#### Try it
Retype, without changes, every line from the line that contains "ハンブルクは港湾都市として栄" through the final line of the records. Exclude pictures.

#### Extracted entries

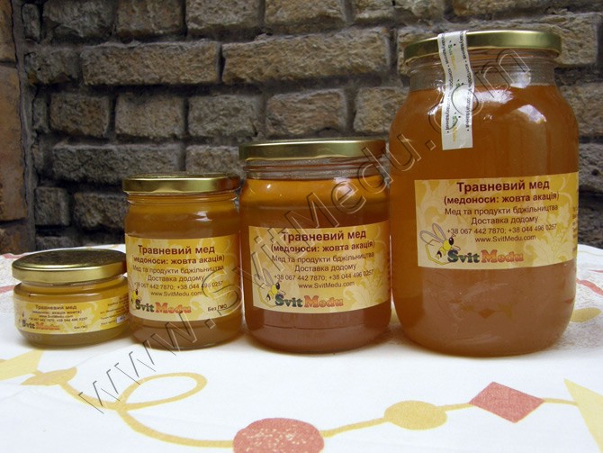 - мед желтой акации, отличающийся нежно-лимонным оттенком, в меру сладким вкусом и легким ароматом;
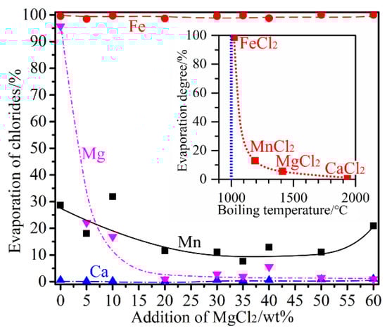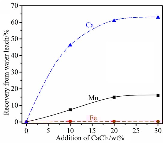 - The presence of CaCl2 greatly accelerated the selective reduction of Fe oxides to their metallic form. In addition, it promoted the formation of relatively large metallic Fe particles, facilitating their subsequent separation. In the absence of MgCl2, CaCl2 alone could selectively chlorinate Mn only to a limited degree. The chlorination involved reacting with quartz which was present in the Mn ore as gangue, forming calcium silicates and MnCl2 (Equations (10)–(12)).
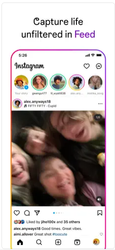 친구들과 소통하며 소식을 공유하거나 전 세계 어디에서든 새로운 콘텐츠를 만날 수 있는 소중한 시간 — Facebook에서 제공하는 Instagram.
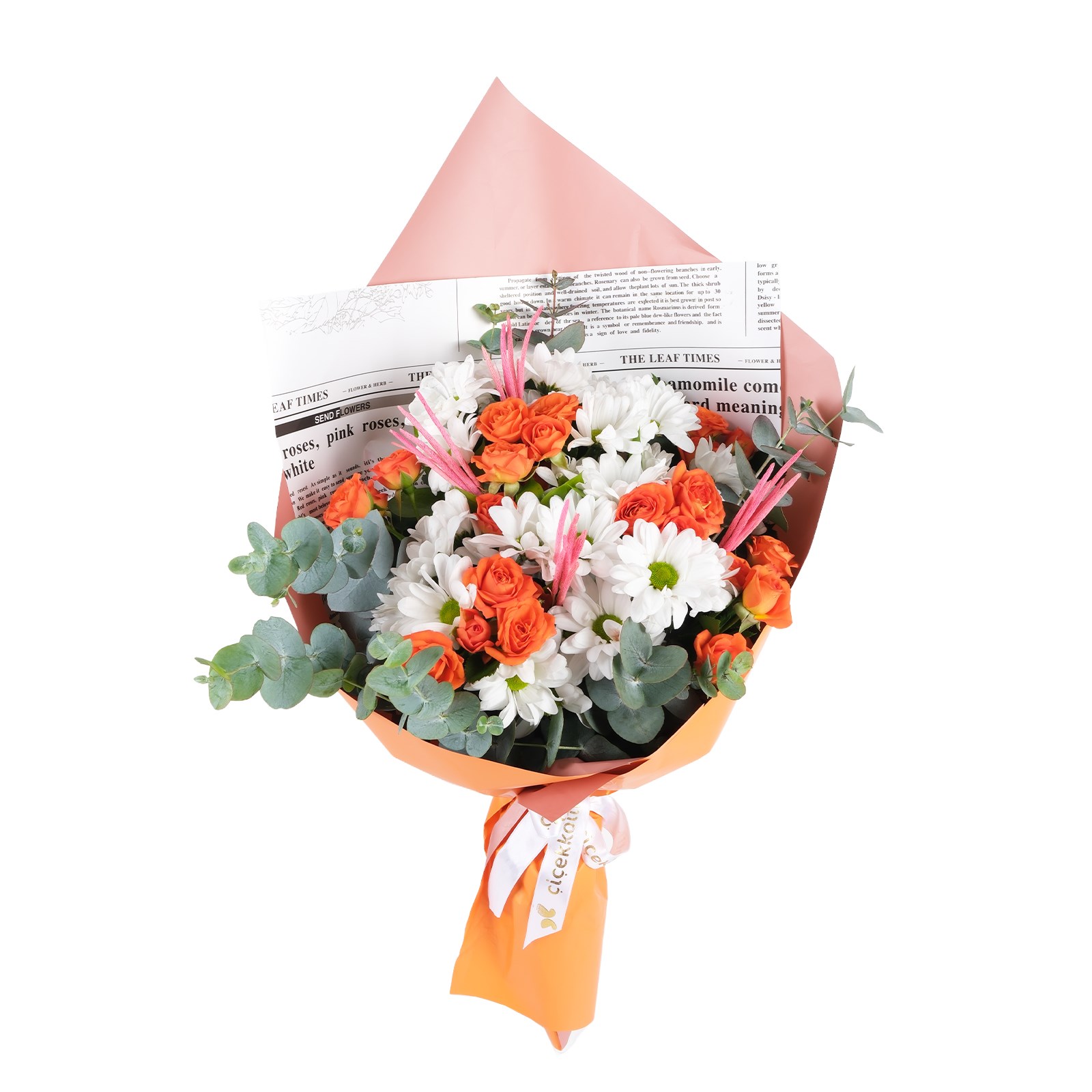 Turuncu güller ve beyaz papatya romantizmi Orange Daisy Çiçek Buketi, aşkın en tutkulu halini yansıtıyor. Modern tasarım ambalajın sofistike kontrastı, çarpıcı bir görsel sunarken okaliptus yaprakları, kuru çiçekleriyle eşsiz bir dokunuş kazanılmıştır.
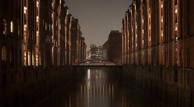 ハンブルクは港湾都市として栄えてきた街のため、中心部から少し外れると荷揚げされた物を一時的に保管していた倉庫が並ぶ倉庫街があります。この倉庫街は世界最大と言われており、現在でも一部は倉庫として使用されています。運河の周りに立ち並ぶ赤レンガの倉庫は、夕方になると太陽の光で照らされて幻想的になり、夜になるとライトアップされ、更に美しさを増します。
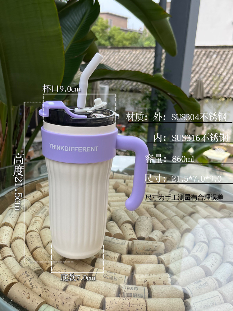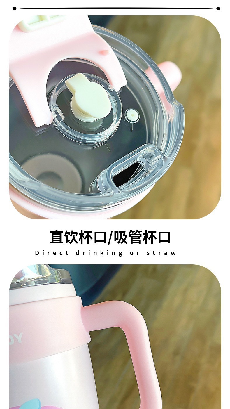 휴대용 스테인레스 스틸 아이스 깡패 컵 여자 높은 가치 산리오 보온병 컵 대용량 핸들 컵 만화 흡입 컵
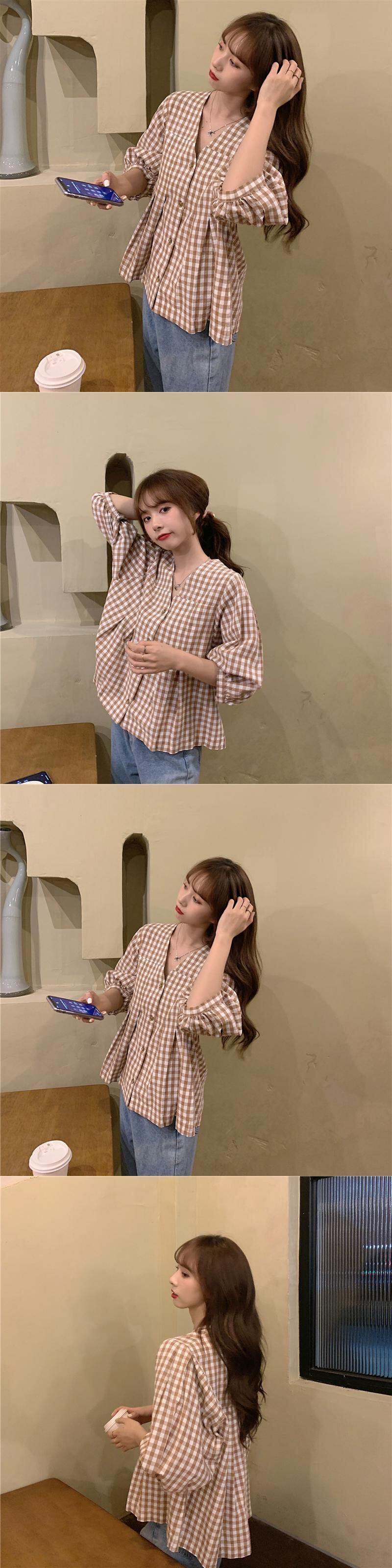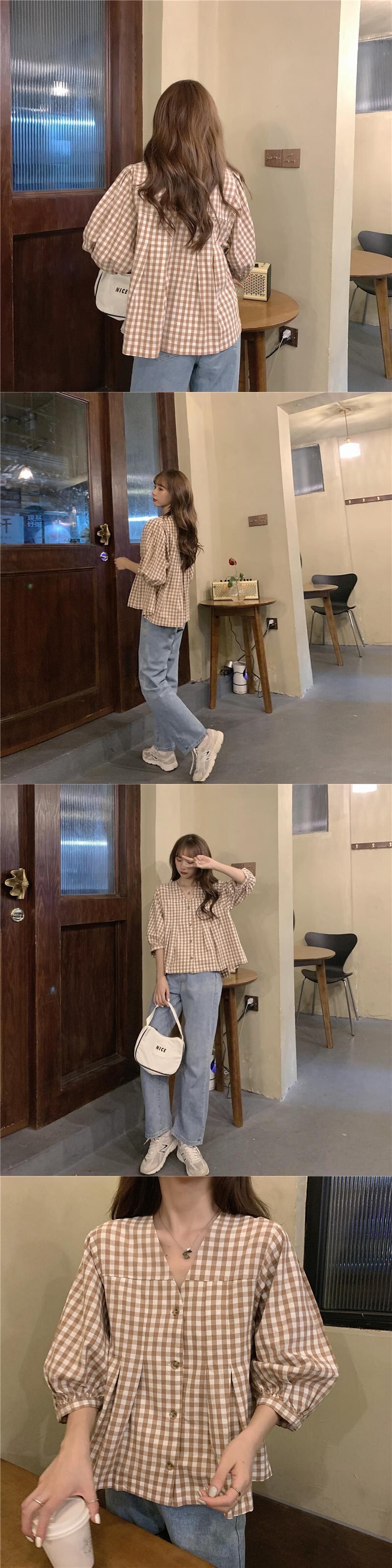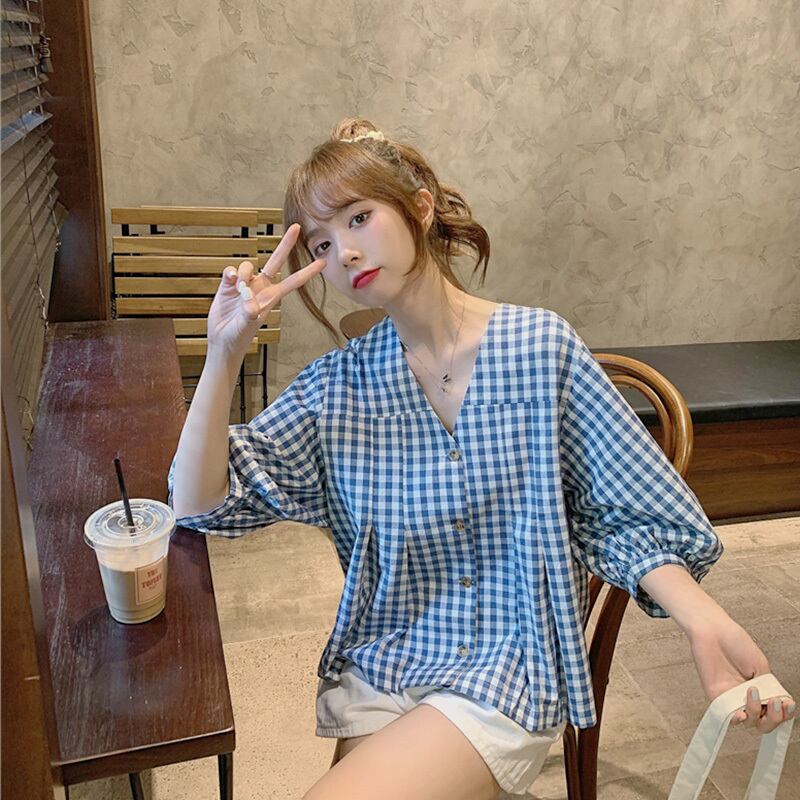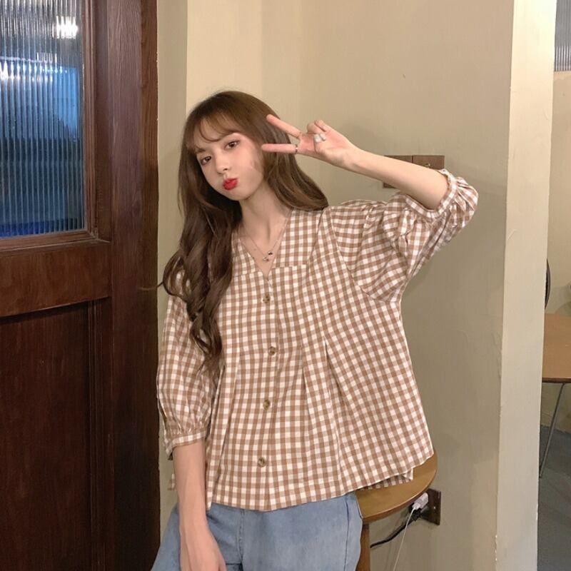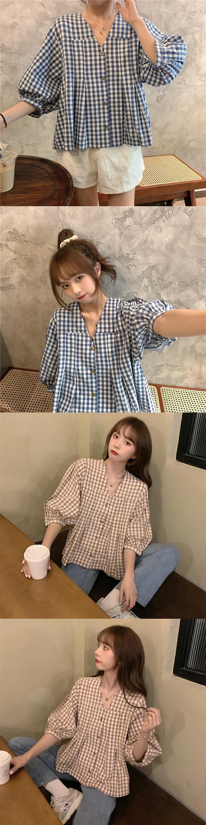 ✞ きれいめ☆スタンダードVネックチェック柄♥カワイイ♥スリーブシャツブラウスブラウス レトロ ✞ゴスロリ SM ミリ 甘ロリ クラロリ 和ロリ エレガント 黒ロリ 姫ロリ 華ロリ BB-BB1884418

#### Your response
 ハンブルクは港湾都市として栄えてきた街のため、中心部から少し外れると荷揚げされた物を一時的に保管していた倉庫が並ぶ倉庫街があります。この倉庫街は世界最大と言われており、現在でも一部は倉庫として使用されています。運河の周りに立ち並ぶ赤レンガの倉庫は、夕方になると太陽の光で照らされて幻想的になり、夜になるとライトアップされ、更に美しさを増します。
 휴대용 스테인레스 스틸 아이스 깡패 컵 여자 높은 가치 산리오 보온병 컵 대용량 핸들 컵 만화 흡입 컵
 ✞ きれいめ☆スタンダードVネックチェック柄♥カワイイ♥スリーブシャツブラウスブラウス レトロ ✞ゴスロリ SM ミリ 甘ロリ クラロリ 和ロリ エレガント 黒ロリ 姫ロリ 華ロリ BB-BB1884418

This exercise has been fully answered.